What the task asks >>
Return every line from the records below in which the word "over" is found.

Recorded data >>

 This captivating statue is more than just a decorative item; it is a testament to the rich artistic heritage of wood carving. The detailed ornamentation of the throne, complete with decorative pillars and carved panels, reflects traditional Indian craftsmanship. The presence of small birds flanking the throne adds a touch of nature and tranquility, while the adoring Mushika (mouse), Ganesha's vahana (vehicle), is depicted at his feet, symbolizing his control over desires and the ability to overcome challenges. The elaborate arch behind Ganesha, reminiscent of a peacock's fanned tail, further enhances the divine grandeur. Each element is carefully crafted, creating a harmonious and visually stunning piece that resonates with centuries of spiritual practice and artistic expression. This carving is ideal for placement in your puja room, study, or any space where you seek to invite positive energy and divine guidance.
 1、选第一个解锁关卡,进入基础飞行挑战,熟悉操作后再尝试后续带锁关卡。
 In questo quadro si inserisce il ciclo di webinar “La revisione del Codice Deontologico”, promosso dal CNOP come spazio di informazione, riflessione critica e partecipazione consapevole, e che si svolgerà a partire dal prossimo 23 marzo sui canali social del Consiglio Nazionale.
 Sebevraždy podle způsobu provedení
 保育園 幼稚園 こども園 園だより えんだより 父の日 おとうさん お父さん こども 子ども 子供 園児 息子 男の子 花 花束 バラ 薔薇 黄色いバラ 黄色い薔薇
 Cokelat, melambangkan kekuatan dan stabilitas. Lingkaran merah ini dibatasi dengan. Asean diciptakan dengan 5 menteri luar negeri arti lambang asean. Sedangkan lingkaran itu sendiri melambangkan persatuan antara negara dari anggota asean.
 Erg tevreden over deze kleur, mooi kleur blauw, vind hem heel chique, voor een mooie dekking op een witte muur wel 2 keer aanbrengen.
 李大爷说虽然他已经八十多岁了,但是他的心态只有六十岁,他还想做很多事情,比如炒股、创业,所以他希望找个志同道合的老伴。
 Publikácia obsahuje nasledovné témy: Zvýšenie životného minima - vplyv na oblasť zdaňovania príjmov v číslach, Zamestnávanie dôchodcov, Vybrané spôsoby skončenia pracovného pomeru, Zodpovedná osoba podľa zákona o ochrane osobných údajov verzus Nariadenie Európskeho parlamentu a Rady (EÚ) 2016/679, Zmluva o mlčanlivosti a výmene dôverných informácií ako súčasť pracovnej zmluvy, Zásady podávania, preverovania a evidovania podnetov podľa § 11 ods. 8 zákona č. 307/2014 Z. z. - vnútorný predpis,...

Your response >>
 This captivating statue is more than just a decorative item; it is a testament to the rich artistic heritage of wood carving. The detailed ornamentation of the throne, complete with decorative pillars and carved panels, reflects traditional Indian craftsmanship. The presence of small birds flanking the throne adds a touch of nature and tranquility, while the adoring Mushika (mouse), Ganesha's vahana (vehicle), is depicted at his feet, symbolizing his control over desires and the ability to overcome challenges. The elaborate arch behind Ganesha, reminiscent of a peacock's fanned tail, further enhances the divine grandeur. Each element is carefully crafted, creating a harmonious and visually stunning piece that resonates with centuries of spiritual practice and artistic expression. This carving is ideal for placement in your puja room, study, or any space where you seek to invite positive energy and divine guidance.
 Erg tevreden over deze kleur, mooi kleur blauw, vind hem heel chique, voor een mooie dekking op een witte muur wel 2 keer aanbrengen.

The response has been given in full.